◆ **To do**
What you return should be the full listing, copied exactly and stripped of its pictures.

◆ **Recorded information**

•••••

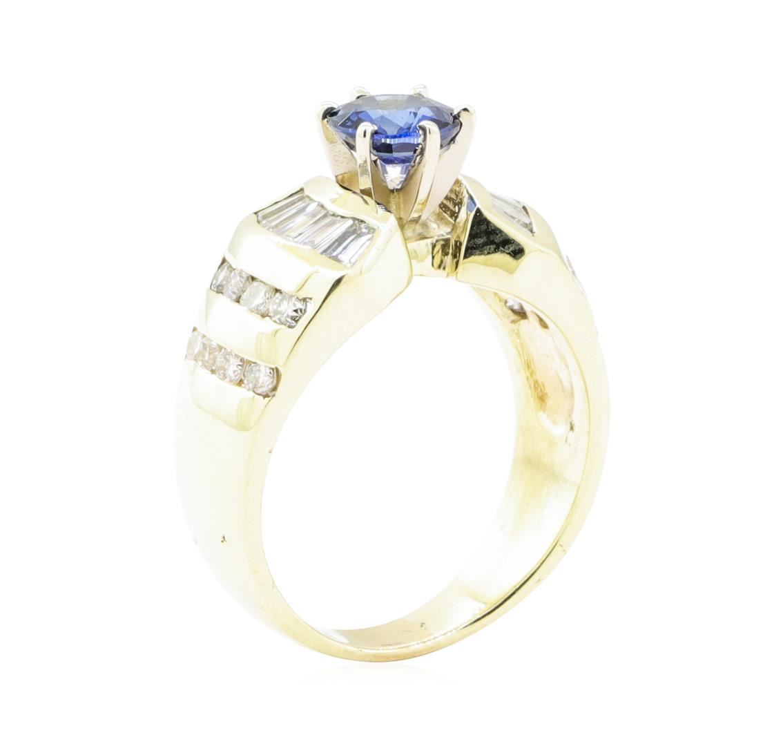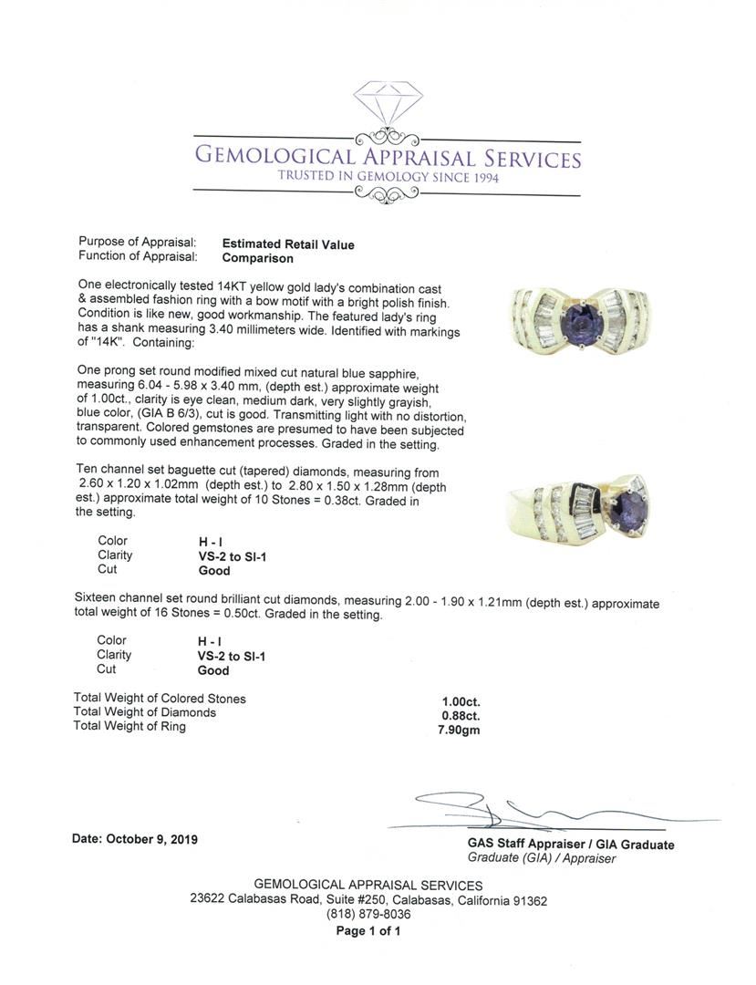 One electronically tested 14KT yellow gold lady's combination cast & assembled fashion ring with a bow motif with a bright polish finish. The featured lady's ring has a shank measuring 3.40 millimeters wide. Identified with markings of '14K'. Condition is Good. Containing: One prong set round modified mixed cut natural blue sapphire, measuring 6.04 - 5.98 x 3.40 mm, (depth est.) approximate weight of 1.00ct., clarity is eye clean, medium dark, very slightly grayish, blue color, (GIA B 6/3), cut is good. Transmitting light with no distortion, transparent. Colored gemstones are presumed to have been subjected to commonly used enhancement processes. Graded in the setting. Ten channel set baguette cut (tapered) diamonds, measuring from 2.60 x 1.20 x 1.02mm (depth est.) to 2.80 x 1.50 x 1.28mm (depth est.) approximate total weight of 10 Stones = 0.38ct. Graded in the setting. Color H - I Clarity VS-2 to SI-1 Cut Good Sixteen channel set round brilliant cut diamonds, measuring 2.00 - 1.90 x 1.21mm (depth est.) approximate total weight of 16 Stones = 0.50ct. Graded in the setting. Color H - I Clarity VS-2 to SI-1 Cut Good. Total Weight of Colored Stones 1.00ct.. Total Weight of Diamonds 0.88ct.. Total Weight of Ring 7.90gm GAS Appraised at $4190.00. GAS Appraised.
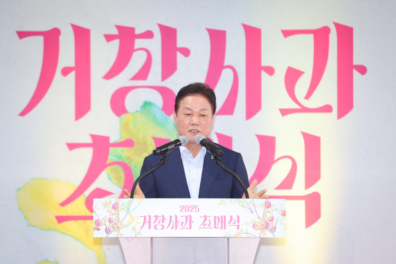 - 1만 5천 톤 생산 전망... 대형마트·온라인몰 등 전국 유통 예정 [세계타임즈=경남 최성룡 기자] 경상남도(도지사 박완수)는 22일 거창군 사과원예농협 청과물종합처리장에서 ‘2025년산 거창 홍로사과 초매식’을 열고 본격적인 출하를 알렸다.
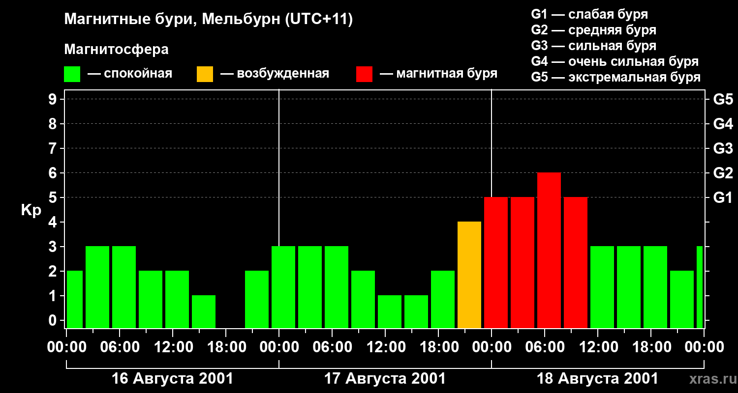 Магнитные бури в Мельбурне 18 августа 2001 года
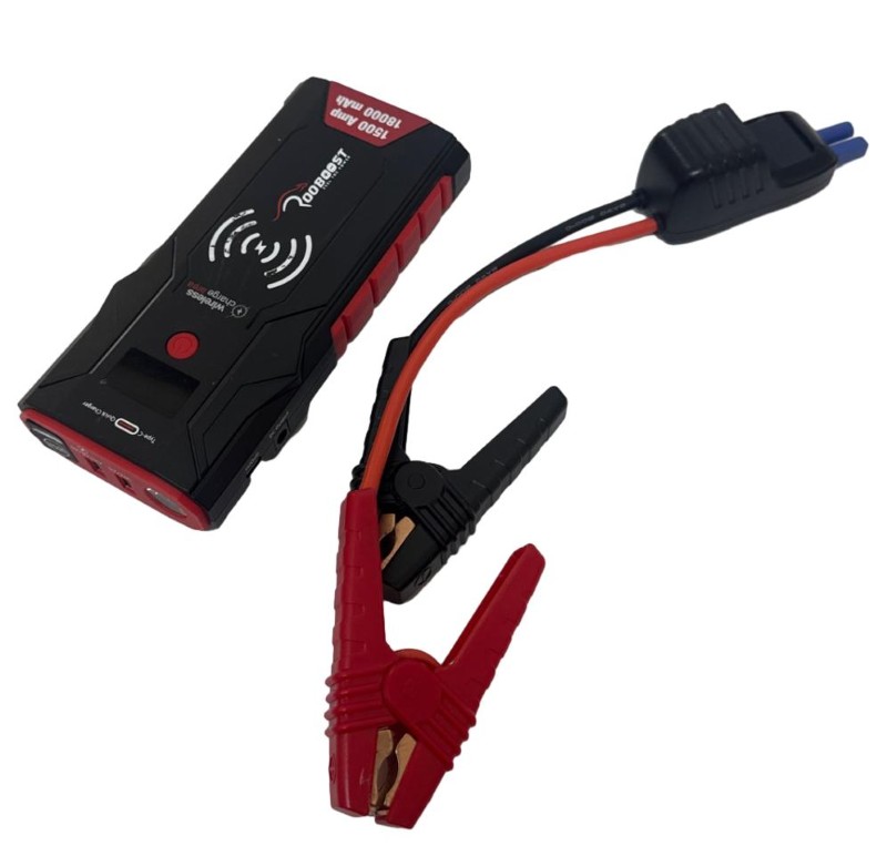 This Rooboost PRO-1500A jump starter is a reliable and compact device designed to provide a quick and convenient way to start your car or motorbike. With its powerful battery and user-friendly features, it's an essential tool for any vehicle owner. The jump starter is compact and easy to store, making it a practical addition to your roadside emergency kit.

•••••

◆ **Task answer**
 One electronically tested 14KT yellow gold lady's combination cast & assembled fashion ring with a bow motif with a bright polish finish. The featured lady's ring has a shank measuring 3.40 millimeters wide. Identified with markings of '14K'. Condition is Good. Containing: One prong set round modified mixed cut natural blue sapphire, measuring 6.04 - 5.98 x 3.40 mm, (depth est.) approximate weight of 1.00ct., clarity is eye clean, medium dark, very slightly grayish, blue color, (GIA B 6/3), cut is good. Transmitting light with no distortion, transparent. Colored gemstones are presumed to have been subjected to commonly used enhancement processes. Graded in the setting. Ten channel set baguette cut (tapered) diamonds, measuring from 2.60 x 1.20 x 1.02mm (depth est.) to 2.80 x 1.50 x 1.28mm (depth est.) approximate total weight of 10 Stones = 0.38ct. Graded in the setting. Color H - I Clarity VS-2 to SI-1 Cut Good Sixteen channel set round brilliant cut diamonds, measuring 2.00 - 1.90 x 1.21mm (depth est.) approximate total weight of 16 Stones = 0.50ct. Graded in the setting. Color H - I Clarity VS-2 to SI-1 Cut Good. Total Weight of Colored Stones 1.00ct.. Total Weight of Diamonds 0.88ct.. Total Weight of Ring 7.90gm GAS Appraised at $4190.00. GAS Appraised.
 - 1만 5천 톤 생산 전망... 대형마트·온라인몰 등 전국 유통 예정 [세계타임즈=경남 최성룡 기자] 경상남도(도지사 박완수)는 22일 거창군 사과원예농협 청과물종합처리장에서 ‘2025년산 거창 홍로사과 초매식’을 열고 본격적인 출하를 알렸다.
 Магнитные бури в Мельбурне 18 августа 2001 года
 This Rooboost PRO-1500A jump starter is a reliable and compact device designed to provide a quick and convenient way to start your car or motorbike. With its powerful battery and user-friendly features, it's an essential tool for any vehicle owner. The jump starter is compact and easy to store, making it a practical addition to your roadside emergency kit.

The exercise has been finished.